Heey ik kom ook uit larache leuke mooie stad is het heb het gemist.

----------


## Bella_maffia

jah zeker het is zeker een mooie stad met leuke en gezellige mensen allemaaal :P ben trots oppppp

----------


## MMMustapha

> _Geplaatst door thaibox_girl_ 
> *halloooooooo alle mensen uit larache
>  hallooooooooooooo.
> langs niks van me laten horen maar nu weer..
> 
> ik vind me zelf puur 3raychiya want ben zelf daar geboren, in legerooooo......
> en ben blij dat jullie allemaal hebben gereageerd op larache maar ik woon zelf daar al tijdje niet meer.
> 
> maar ik weet wel dat het niet meer so leuk is als vroeger de orginele stadje van me hartje te veel nieuwe mensen daar in larache horen eigenlijk jebala te wonnen maar nuheb je meer berberss maar dat maak niet uit 
> ...


Asallaam LARACHE !!

Ik ben in LARACHE geboren en tot de dag van vandaag TROTS dat ik juist daar geboren ben  :knipoog:  

Ik wil ff wat opmerken ThaiBox girl, en dat is dat het vanzelfsprekend is dat LARACHE niet meer dezelfde is als toen maar dat is goed want " he als je niet verandert dan sta je stil en als je stil staat dan ben je achteruit aan het gaan ;-) onthouden he.

Ik vind het Prachtig en tegelijkertijd een verijking van LARACHE dat er meer verschillende mensen komen wonen rijk of arm zwat of wit of ARABIER of BERBER of SPANJAARD of FRANS of JODEN het is allemaal cool ......in feite zoals het nu al generaties daar gewoon is en was en zal blijven! dit maakt Marokko zinderend MOOI naast het ongerepte natuur en zee .........een beauty ! damn wat doe ik nog hier.... 

Je kent toch die grote spaanse kerk in het centrum met die grote blauwe kruis toch? vlakbij cinima Espanja ..toch. nou heb je ooit gehoord of gelezen dat er een steen door een ruit is gegooid?? nee toch?. zie je.
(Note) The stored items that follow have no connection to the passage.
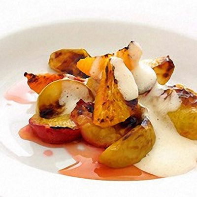 Then place the orange zest, together with the prunes, apricots, sugar, cinnamon stick and 5 fl oz (150 ml) of the cider, in a small saucepan. Now bring it up to a gentle simmer and give it just 5 minutes simmering. After that, remove it from the heat and leave the whole thing to infuse for a further 10 minutes.
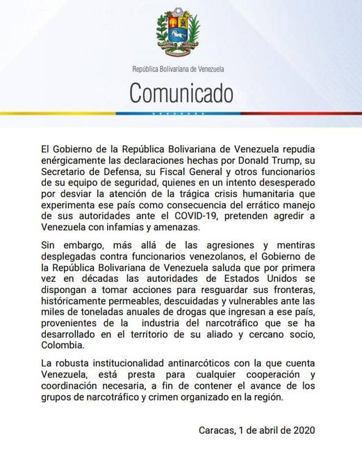 En esa línea, el mandatario enfatizó en que Estados Unidos no permitirá que se aproveche la pandemia del COVID-19 para que los involucrados en el tráfico de drogas “amenacen la vida de los estadounidenses”.
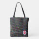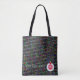 Neste Tote Bag é um ditado original, e trabalho de arte e design por ZoeSPEAK, um slogan para professores que lê "Professores servem COMIDAS PARA PENSAMENTO". As palavras "Professores ao serviço" encontram-se em caracteres itálicos verde de maçã, que permitem ilustrar uma placa branca de janto com as palavras "COMIDA PELO PENSAMENTO" em letras vermelhas, curvas para encher o centro do prato. No topo da placa está uma maçã vermelha brilhante com uma folha verde. O fundo do conselho é um padrão colorido, principalmente cinzentos escuros, mas espalhado por todo o lado com vermelhos, azuis e verdes. As letras do alfabeto, em bonés e minúsculas, mais os números de zero a nove rodam diagonalmente em branco puro sobre o fundo.
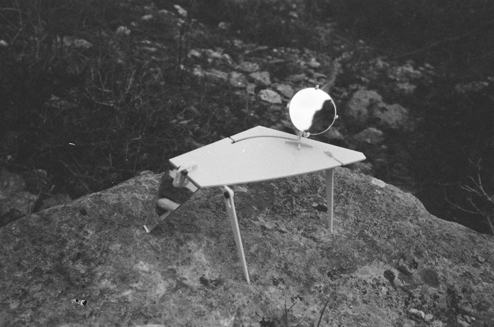An interest in the horizontal surface develops into a language of strategically shifting planes and spaces built around table tops. Layering and overlapping geological surfaces start to build up the satellites. Photographic media (camera and camera-less) is utilised to capture and communicate the ambiguous and complex realm of their presences.
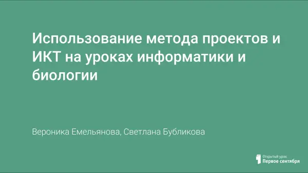 В своей работе мы хотим поделиться опытом, как применение ИКТ помогает на уроках биологии. Приводим пример урока по природоведению «Вселенная» с применением компьютерной презентации, а также рассказываем о том, где взять материал к уроку, если на подготовку отводится очень мало времени. Выход мы видим в привлечении к работе учеников, которые в ходе выполнения проектов на уроке информатики создадут огромную базу материалов в помощь учителям-предметникам. В нашей работе приводятся также проектные работы учеников, которые будут хорошей поддержкой как ученикам, так и учителям.
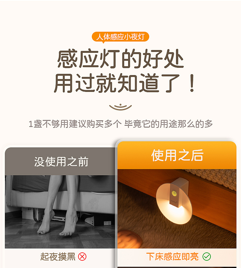야간 자동 인체 센서 램프는 사람들이 오면 켜집니다. 스마트 홈 복도 통로 계단 충전 야간 조명스토어 가기
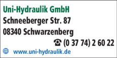 Die Adresse von Uni-Hydraulik GmbH lautet: Schneeberger Str. 87, 08340 Schwarzenberg

En wat dacht je van Fabrika de LUCUS van die rijke spanjaard die je ziet staan als je naar Playa gaat en waardoor soms de tomaatjes leterlijk aanspoelen? ....hahahha ja toch?!

Tja .... en wat betreft ARABIEREN ?? prachtig, is toch mooi?!? Wist je dat er een bedrijf uit DUBAI een INVESTERING in MAROKKO doet van 20.000.000.000,= ( 20 MILJARD !!!!) DOLLAR dat is toch MOOi want als je van LARACHE/Marokko houdt dan kan je je niet beter wensen dan zoiets als dit  :Smilie:  Aan de kust komen HOTELS ( zelfs 1 van ARMANI), JACHTHAVENS, CAMPINGS, .....enz. Dit alles brengt werkgelegenheid met zich mee het land wordt nog mooier en het TOURISME zal fors toenemen en als jij of later je kinderen daar op vakantie gaan hebben ze de tijd van hun leven! 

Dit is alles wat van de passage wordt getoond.